There are limitations to this work. We used one grader, rather than several. The reason for this was that the Clinical Challenges had a published correct answer such that interpretational ambiguity was minimized. In other publications, the graders were making the decisions regarding correctness of the LLM responses on a Likert scale. In contrast, we were deciding if the LLM gave the published correct response, a more straightforward task. Nevertheless, having multiple masked graders would have increased the strength of the study.

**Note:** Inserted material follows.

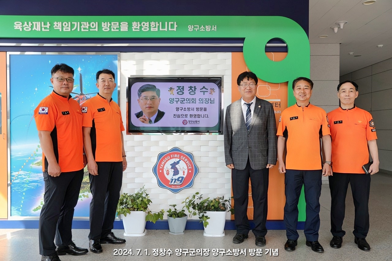용 서장은 “양구군의회 의장으로 선출되신 것을 축하드린다”며 “군민의 행복과 안전을 위해 양구군과 소방이 함께 나아가길 기대한다”고 전했다.

It is possible that our results reflect sampling bias. Had we chosen a different set of 20 Clinical Challenges, the results could have been different. ChatGPT3.5 has shown differential deficits across subspecialties with the greatest deficit in the subspecialty area of retina in which it answered 0% correctly compared to general medicine for which questions it answered 79% correctly.24 LLM performance generally depends on the bank of questions used. Using the BCBS sample questions Lin et al found that ChatGPT4 answered 86.7% of the retina and vitreous questions correctly.27
It is possible that some of the Clinical Challenges were used in training the LLMs, although we tried to minimize this risk by choosing ones published in 2023–2024. We did not test all LLMs available. We tested text only LLMs but increasingly LLMs that can incorporate imaging are becoming available. ChatGPT4Vision and Gemini Pro allow incorporation of visual images in prompts. We did not test these as they are not available to physicians. When images can be input, the usefulness of LLMs for ophthalmologists will increase.

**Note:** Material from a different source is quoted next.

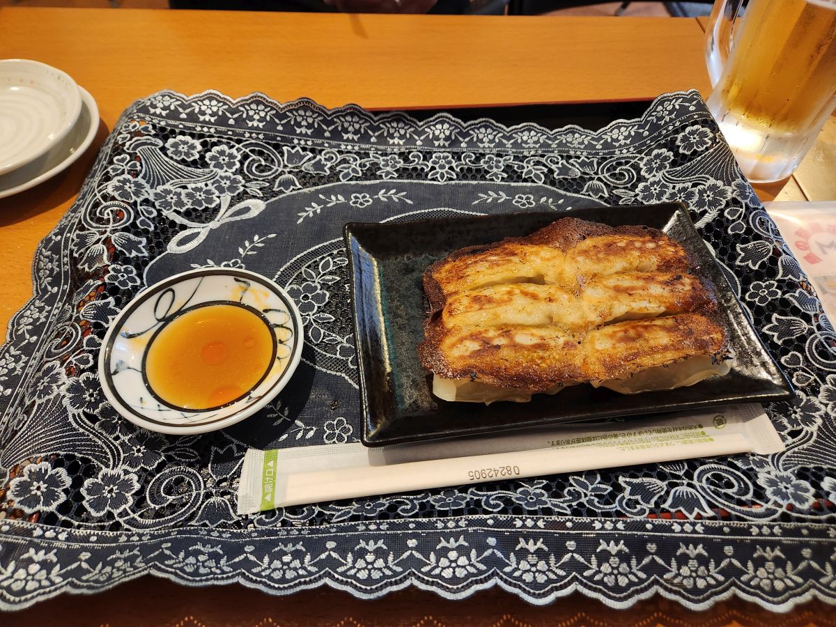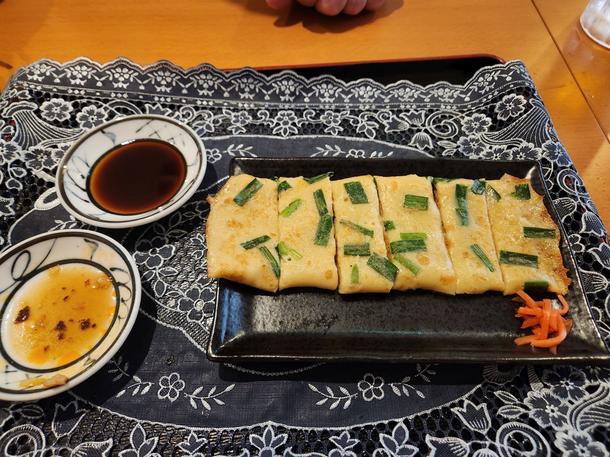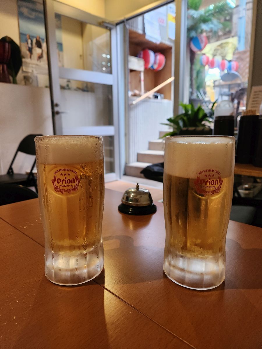 What is delivered are delicious gyoza – sauteed, well, actually caramelized – and crispy and delicious. Probably chicken (thus, the feathers) but who knows? They were delicious, which is all that matters. The Okinawan special is some sort of savory crepe. We’re damned is we know what it was -there were chives and something else inside the batter – but whatever it was, it was excellent! Two Orion beers (the local beers) completed our fabulous Midnight diner-esque meal. The perfect lunch!

It is possible that our results were biased by internet speed, online traffic, and delays in response time, which we did not assess, but which have been suggested as sources of variability.28 None of the LLMs that we tested allowed the user to input images although this is a feature under development.

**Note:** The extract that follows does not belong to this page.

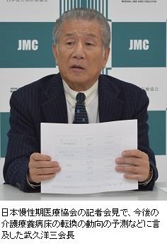そんな状況にあって「多くの介護療養病床は、新たな施設と位置付けられた新類型に移る」と予測するのが、日本慢性期医療協会の武久洋三会長だ。「病院から施設になったとしても、患者さんの状態を改善し、自宅や地域に帰していく役目は変わらない」と力説する武久会長に、その考えや今後の制度改正の見通しを聞いた。【ただ正芳】

In conclusion, we found that 3 LLMs - ChatGPT 3.5, Claude Pro, and Copilot Pro – were more accurate than the others, and that Copilot Pro was the most accurate against the complex clinical cases were tested. We do not recommend LLMs to diagnose and treat patients in ophthalmology. The problems of accuracy and readability require further work. Still, the three top rated LLMs cover gaps in the knowledge base of user ophthalmologists and could be valuable assistants in clinical practice. All suggestions from LLMs require fact checking.
Funding
There is no funding to report.
Disclosure
David Browning has an equity interest in Zeiss-Meditec. He receives royalties from Springer Inc. Sujeeth declares no conflicts of interest.